Mean ≈ 0, variance ≈ 1 for all positions. Layer norm worked!

(Variance is 0.999 instead of 1.0 because we divide by n, not n-1)

Why Epsilon Matters¶

That tiny $\epsilon = 10^{-5}$ prevents disaster.

If variance happened to be exactly zero (all values identical), we’d divide by zero. Even if variance is just very small, division by a tiny number creates huge values and numerical instability.

Adding epsilon ensures we never divide by anything smaller than $\sqrt{10^{-5}} \approx 0.003$ .

Before and After¶

Let’s see how the representation changed:

print("Position 1 ('I') - Before and After LayerNorm")
print("=" * 70)
print()
print(f"Before (residual):")
print(f"  {format_vector(residual[1])}")
print()
print(f"After (layer norm):")
print(f"  {format_vector(layer_norm_output[1])}")
print()
print("The values are scaled and shifted, but relative relationships preserved.")
print("Large values stay large, small values stay small.")

Position 1 ('I') - Before and After LayerNorm
======================================================================

Before (residual):
  [ 0.0281, -0.0810,  0.0098,  0.2144,  0.1098,  0.1003, -0.2148,  0.0474,  0.2153,  0.0578, -0.0253, -0.0703,  0.1297, -0.0311,  0.1560,  0.0637]

After (layer norm):
  [-0.1476, -1.1384, -0.3134,  1.5437,  0.5944,  0.5080, -2.3531,  0.0272,  1.5526,  0.1223, -0.6328, -1.0414,  0.7749, -0.6856,  1.0133,  0.1760]

The values are scaled and shifted, but relative relationships preserved.
Large values stay large, small values stay small.
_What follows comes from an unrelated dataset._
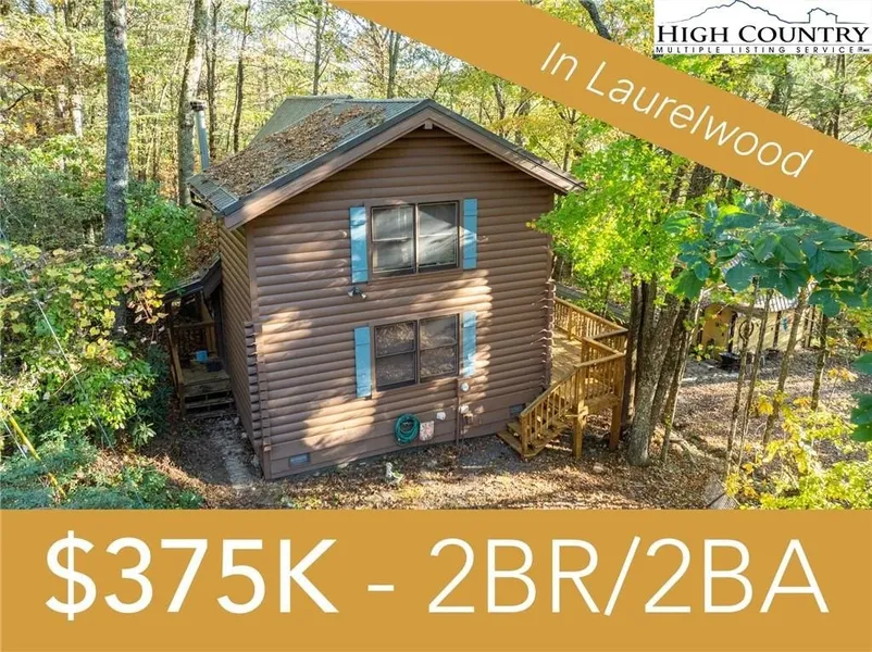 Beautiful 2BR/2BA rustic log cabin in Laurelwood. This cabin is located 6 miles (13 min) from Boone! Laurelwood is a well maintained community and quiet community - rentals are prohibited, ensuring a peaceful setting for all. The cabin has vaulted ceilings with a bedroom and bath on each level. Beautiful wood throughout the log cabin. Outside there is a wrap around porch (half open, half covered) so you can enjoy the outdoors all year round. Cabin and deck was stained in Sep/Oct 2024! Once you take a look at this cabin you'll recognize the quality. Come take a look today before it's sold!

The Complete Transformer Block¶

We just finished one complete transformer block! We computed:

Input X [5, 16]
    ↓
Multi-Head Attention
    ↓
+ Residual Connection (add X back)
    ↓
Layer Norm
    ↓
Feed-Forward Network
    ↓
+ Residual Connection (add previous output back)
    ↓
Layer Norm
    ↓
Output [5, 16]

(Note: We simplified by doing attention → FFN → residual → layer norm. Real transformers often interleave differently, but the concepts are the same.)

In GPT-3, this block is repeated 96 times. Each block refines the representation further.

What’s Next¶

The transformer block is done! We have 16-dimensional vectors for each position.

But these aren’t predictions yet. We need to:

Project to vocabulary space: Convert 16D → 6D (one score per token in our vocabulary)
Apply softmax: Convert scores to probabilities
Compute loss: Measure how wrong our predictions are

That’s the next notebook.

# Store for next notebook
layer_norm_data = {
    'X': X,
    'tokens': tokens,
    'layer_norm_output': layer_norm_output,
    'gamma': gamma,
    'beta': beta
}
print("Transformer block complete. Ready for output projection and loss.")

Transformer block complete. Ready for output projection and loss.